**What to produce**. From the line containing "Path from car park to visitor centre" down to the last line of the entries, print each line exactly and leave the pictures out.

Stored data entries

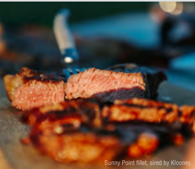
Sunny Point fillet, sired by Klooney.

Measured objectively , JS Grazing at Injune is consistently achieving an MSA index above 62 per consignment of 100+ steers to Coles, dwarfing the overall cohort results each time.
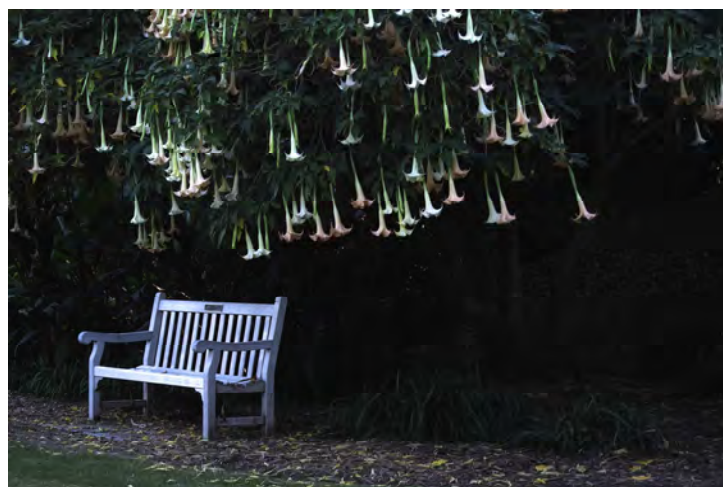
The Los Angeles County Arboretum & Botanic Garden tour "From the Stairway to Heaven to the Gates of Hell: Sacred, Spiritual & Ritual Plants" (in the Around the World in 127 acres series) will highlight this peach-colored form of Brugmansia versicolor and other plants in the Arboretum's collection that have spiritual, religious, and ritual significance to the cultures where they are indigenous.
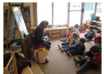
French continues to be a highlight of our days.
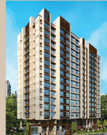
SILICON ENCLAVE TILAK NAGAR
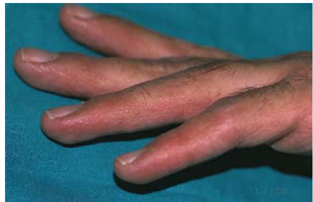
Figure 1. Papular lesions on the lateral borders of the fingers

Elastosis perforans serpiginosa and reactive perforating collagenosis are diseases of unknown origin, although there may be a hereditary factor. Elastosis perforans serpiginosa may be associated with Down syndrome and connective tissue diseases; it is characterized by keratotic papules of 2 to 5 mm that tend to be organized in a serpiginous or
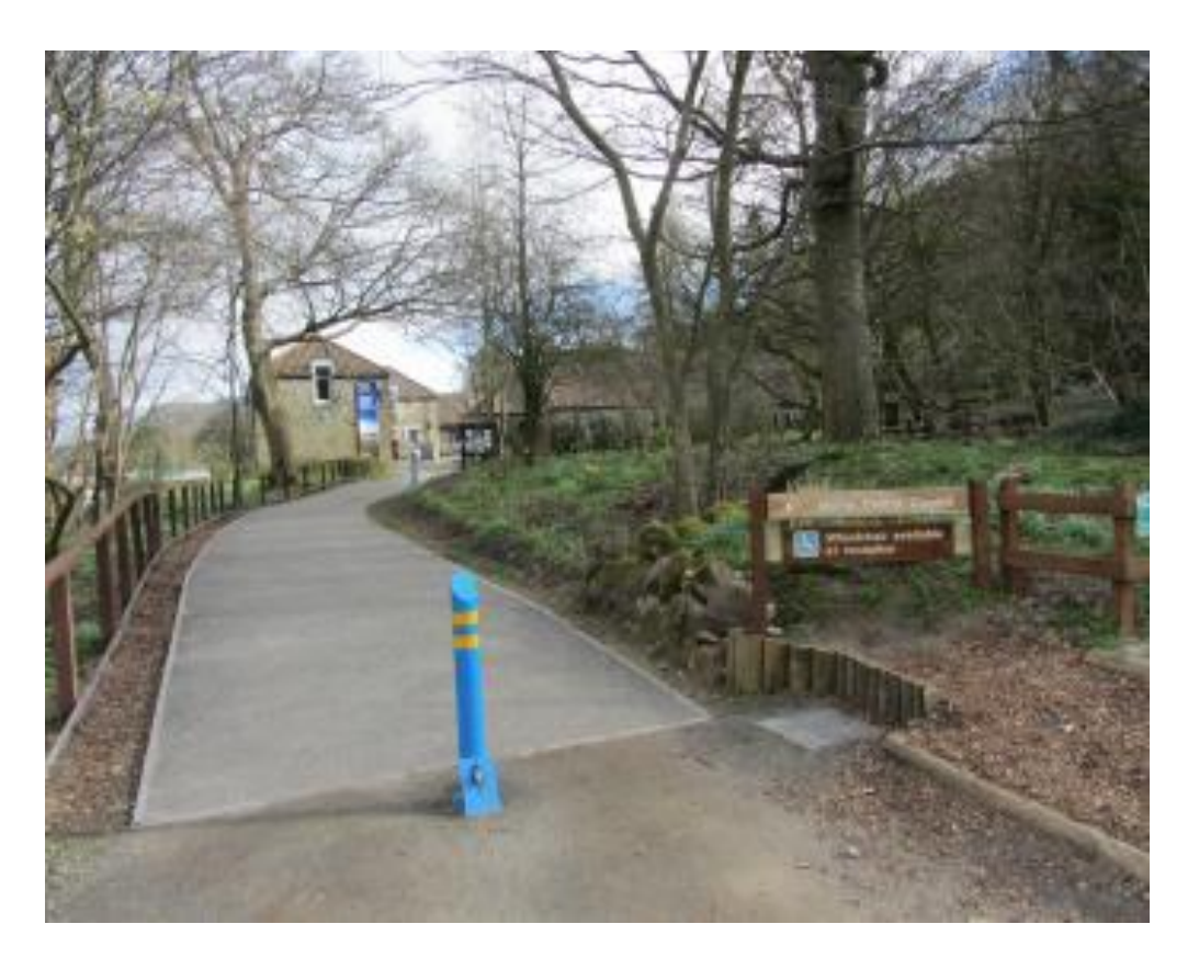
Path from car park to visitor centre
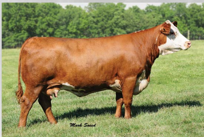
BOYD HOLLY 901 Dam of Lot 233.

**Task solution**.
Path from car park to visitor centre
BOYD HOLLY 901 Dam of Lot 233.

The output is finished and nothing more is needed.